# Looking up a microchip



## Maren Bell Jones (Jun 7, 2006)

So the local shelter that we got Elsa the Rottweiler from said that her microchip number was one that they weren't familiar with (Avid, Home Again, 24 Hour Petwatch, etc). I would like to see where she originally came from and I am wondering if she's an import or something. Does the number 402E077F2A ring a bell with anyone for which brand it might be?

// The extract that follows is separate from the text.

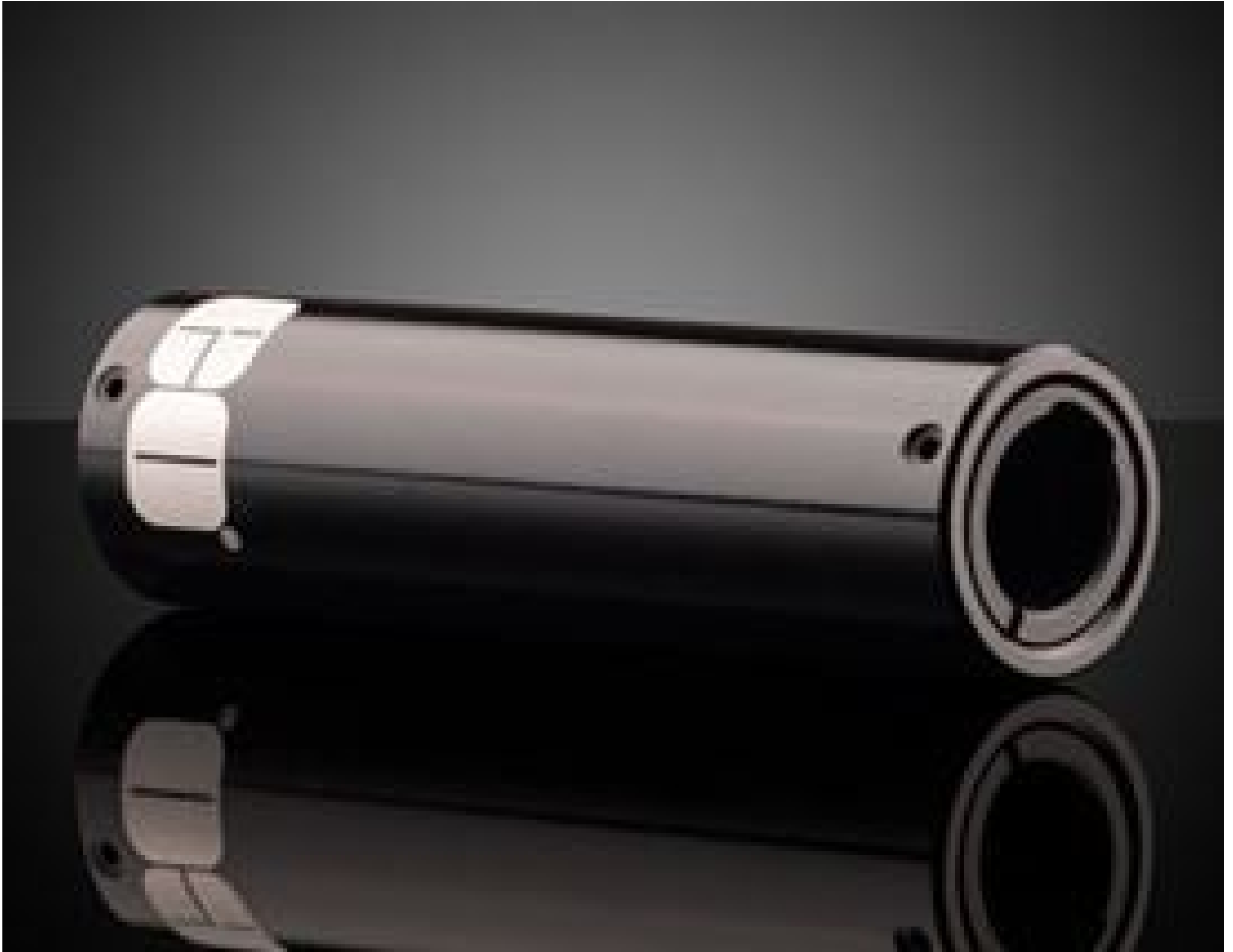
10mm Aperture, 75mm Length, Light Pipe Homogenizing Rod Mount, #64-919

In other news, she passed her therapy dog certification behavior exam and can start visiting soon.


----------



## Jeff smith (Jan 28, 2009)

contact avid. and tell them your number they will be able to tell you what company it came from(usually) if its not theirs.we have done this a few times with dog we picked up.
the problem is the owners of alot of dogs that end up at rescues or the pond never registered their chip. which make it usless unless you know what shelter/ vet did it.


----------



## Chris Ciampi (Dec 10, 2008)

Mine is registered with Homeagain and the number is 

4A1A0C3A3C

Doesn't look like it could be Homeagain, but im not sure


----------



## Maren Bell Jones (Jun 7, 2006)

Ack, jeez guys, sorry about the posting war! They did find out the original owner (the breeder), but they couldn't figure out the brand of the microchip. I need to know the brand so I can explain the situation and re-register her, so that way they have my contact info in case she goes missing again. The previous owner didn't mention to the shelter when he/she/they were contacted if she was an import or not or if she had any additional titles, it's just more for my curiosity to find out her registered name.  When dogs get adopted out, they don't give you the contact info of the previous owner(s) for privacy's sake (probably because I'm sure a few previous "owners" I've dealt with could have gotten a good swift kick in the crotch for the state they've left their dogs in). My impression from the shelter staff was that they weren't real interested in having her back either, so... *shrug*


----------



## Jeff Oehlsen (Apr 7, 2006)

This was the original problem with microchips in the beginning, and as it is an older dog, I see that the critics of early microchipping were right.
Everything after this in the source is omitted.